This transcript has been edited for clarity.
Hello. I’m Paul Auwaerter with Medscape Infectious Diseases. 2019 has closed and we moved into 2020. There have been many important and exciting areas of advancement [in infectious diseases] but also areas of concern. As a clinician caring for patients, I think of these concerns fairly frequently. I also wear a public health hat, as many people in infectious diseases tend to do, and there are concerns in those areas as well.
High Cost of HIV Treatment
A year ago, the President of the United States kicked off an initiative to try to eliminate HIV, which is exciting. Now that therapy has improved, many of our patients only need a single pill. However, this initiative—much like for hepatitis C, the treatment for which has gotten relatively easy and straightforward—has problems, such as cost. Other issues include government support and funding for initiatives, and finding patients who are transmitting disease and are not in therapy.
Mathematical models suggest that everything is very possible. From a cost-benefit basis, it would probably benefit our country.

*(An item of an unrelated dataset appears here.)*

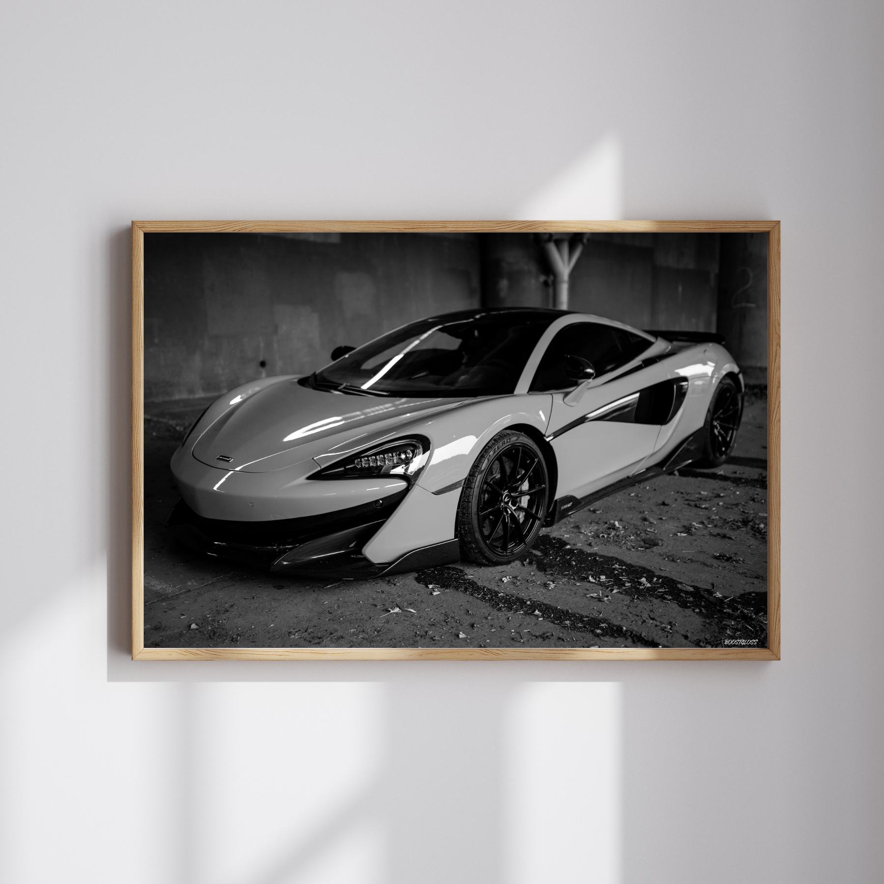 Upplev kraft, skönhet och brittisk ingenjörskonst i perfekt harmoni med denna exklusiva bild på en McLaren, fångad i ett ögonblick av stilla intensitet.

However, with real tax dollars and costs always at the forefront, health infrastructure for public health and individuals usually takes a back seat, sadly. I’m hoping such efforts will continue.

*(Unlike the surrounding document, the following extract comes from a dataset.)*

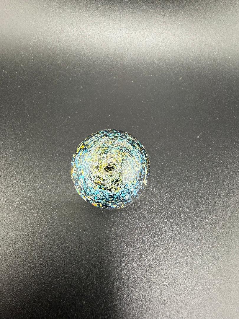 Handcrafted in Spokane, Washington, the Filla John Dichro Marble is a mesmerizing piece of glass art, featuring shimmering dichroic accents that shift and sparkle under different lighting. This intricate design captures cosmic depth and brilliance, making it a standout addition to any glass collection. Whether displayed as a collector’s piece or used functionally, this marble showcases Filla John's exceptional craftsmanship and attention to detail.
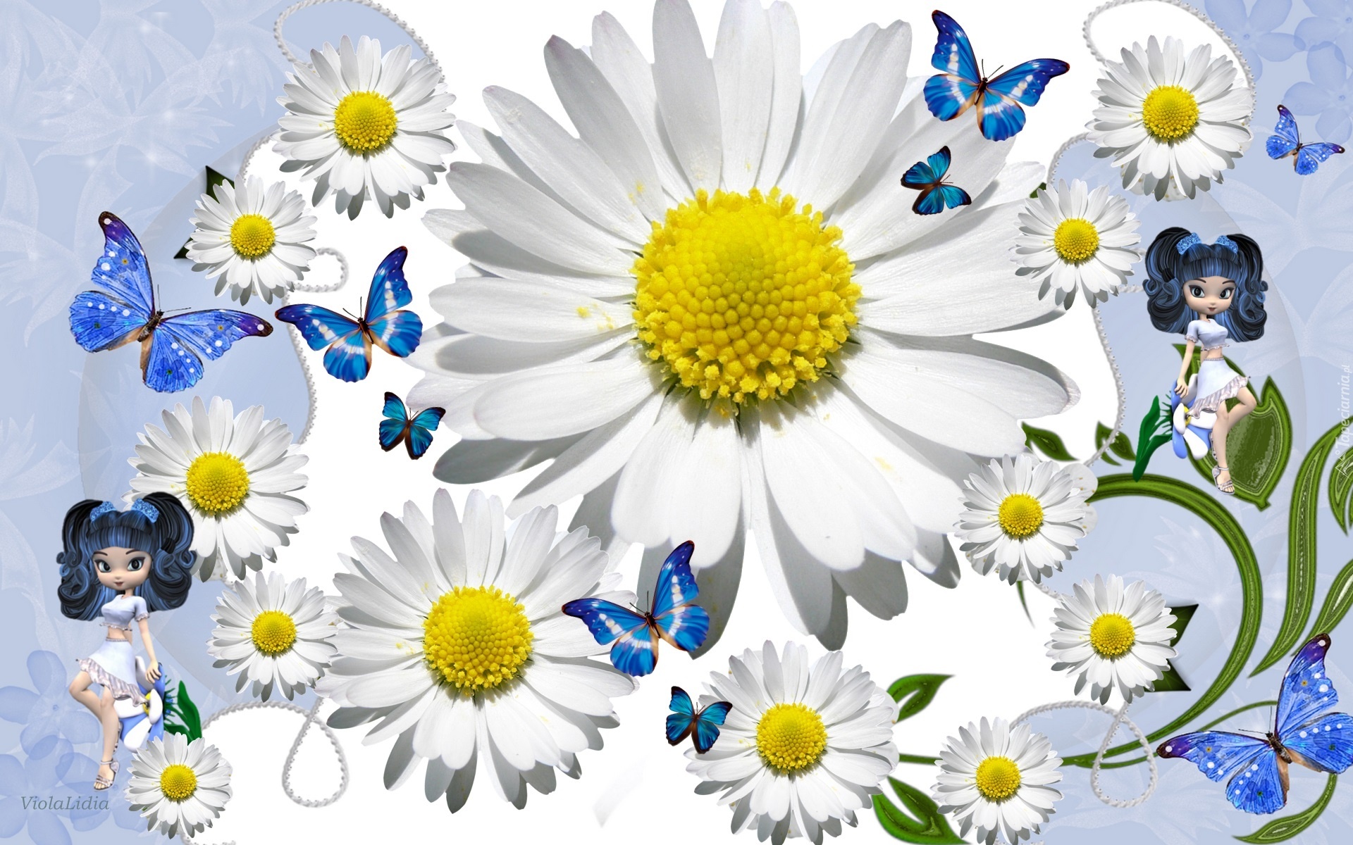 Edytor tapety: Grafika, Laleczki, Stokrotki, Motyle

Antimicrobial resistance concerns many of us as well as our patients. We’re finding increasingly resistant pathogens, and the World Health Organization has labeled this as a top health threat. With government support, BARDA (Biomedical Advanced Research and Development Authority) and other agencies have helped a number of smaller companies with basic research and development to bring new drugs to market, including cefiderocol, plazomicin, imipenem-relebactam, and many others.
The concept of getting multiple drugs to market looked quite bleak 5-10 years ago but is now a reality. The problem has been that no one in the pharmaceutical industry finds these drugs to be profitable. We tend to restrict drugs appropriately as part of stewardship, but we have not found an appropriate model.
The European Union and other countries are concerned about these initiatives. How to help solve this has remained a very difficult issue, as politicians are not willing to see that helping pharmaceutical companies is something that’s palatable. Trying to figure out how to move forward and have effective drugs that we can actually purchase and use, that are FDA approved and maintained in the marketplace, remains very difficult and concerning.
Vaccine hesitancy is a growing concern. American Samoa, where there has been a huge measles outbreak in 2019, is one area outside the United States where not having sufficient immunization coverage is a great concern. I do not think this will go away.
As our society gets more technologically adept with growing amounts of facts and difficulties, I think many people try to effect control by saying no. This is almost like a chronic health model where patients with chronic illnesses find that they can gain some sense of control by saying no and underestimating health risks instead of dealing with fears or unknowns. This will need continued efforts, and it’s important that vaccine initiatives are not dropped because of this growing concern.
A real positive this past year has been the success of the Ebola vaccine in Congo, which was recently approved by the FDA, along with anti-Ebola medications that have also proved effective. These are tremendous improvements. I think immunizations remain a low-cost and effective way forward on many fronts, with improved influenza vaccines hopefully at the forefront.
The next area involves some interesting changes in immunization practices. For the first time, a vaccine has been walked back—the pneumococcal conjugate vaccine for average-risk adults aged 65 years or older. It is now a shared-decision model as to whether you administer it after the pneumococcal vaccine. That’s not something that we’ve faced before.
There is controversy about this, mainly because of the success of reduced pneumococcal disease in children, who were probably a big component of transmitting strains to older adults.
I think whether people will continue giving the vaccine routinely has not yet been fully fleshed out. The cost-benefit analysis seems to be wanting in most cases. Personally, I’ve stopped recommending it to most patients after pneumococcal vaccine.
There have been some exciting developments in influenza with adjuvant vaccines and higher doses for populations aged 65 years or older. Work on new angles toward improving immunization should be well funded, as this is a disease that affects more people per year than any other, and strategies could have such a high payoff.
A new anti-influenza drug, baloxavir, is a cap-dependent endonuclease inhibitor that works early in the viral lifecycle. Most patients are likely to benefit from very early administration, but stay tuned. Over the next year, we may learn more from combination studies where that drug or similar drugs are combined with neuraminidase inhibitors to see if they’re more effective in our treatment of patients who are very ill with influenza.
Thanks very much for listening. I wish everyone the best for 2020. I’m looking forward to new and exciting developments, which are the reasons I find this field so important and very attractive. I hope our younger trainees continue to find this interesting. Thank you.